WORK REQUEST ->
Scan the records beneath this line for the line holding "- 多种数据源接入,充分发挥" and the line holding "Men’s Cinch Solid", then transcribe exactly those two and all lines between.

EXTRACTED DATA ->
- Opening Delimiter -

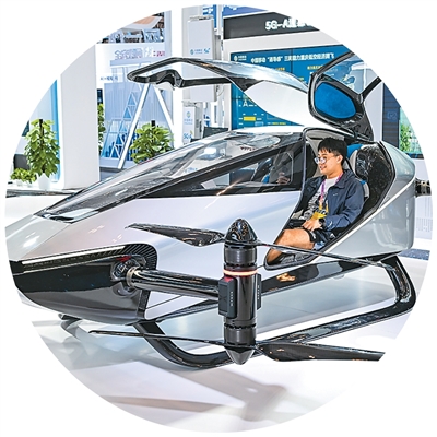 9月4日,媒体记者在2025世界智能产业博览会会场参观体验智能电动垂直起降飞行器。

- Closing Delimiter -
- Opening Delimiter -

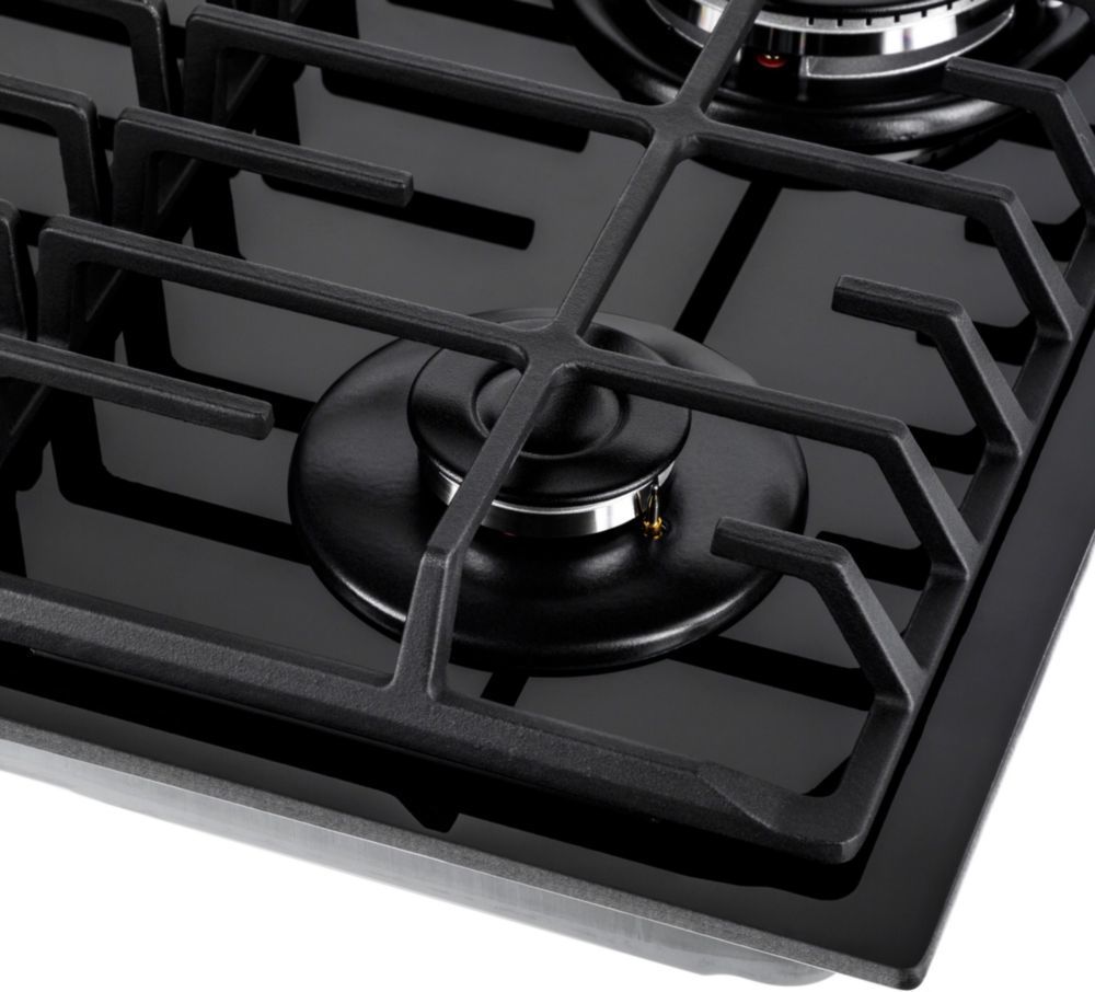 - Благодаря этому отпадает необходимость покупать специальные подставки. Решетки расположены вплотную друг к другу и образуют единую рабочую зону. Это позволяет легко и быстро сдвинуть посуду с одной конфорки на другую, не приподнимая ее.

- Closing Delimiter -
- Opening Delimiter -

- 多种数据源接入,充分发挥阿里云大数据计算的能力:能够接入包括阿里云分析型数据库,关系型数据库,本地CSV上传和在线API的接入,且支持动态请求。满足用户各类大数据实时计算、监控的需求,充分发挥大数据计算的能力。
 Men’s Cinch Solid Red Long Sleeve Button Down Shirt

- Closing Delimiter -

EXERCISE RESULT ->
- 多种数据源接入,充分发挥阿里云大数据计算的能力:能够接入包括阿里云分析型数据库,关系型数据库,本地CSV上传和在线API的接入,且支持动态请求。满足用户各类大数据实时计算、监控的需求,充分发挥大数据计算的能力。
 Men’s Cinch Solid Red Long Sleeve Button Down Shirt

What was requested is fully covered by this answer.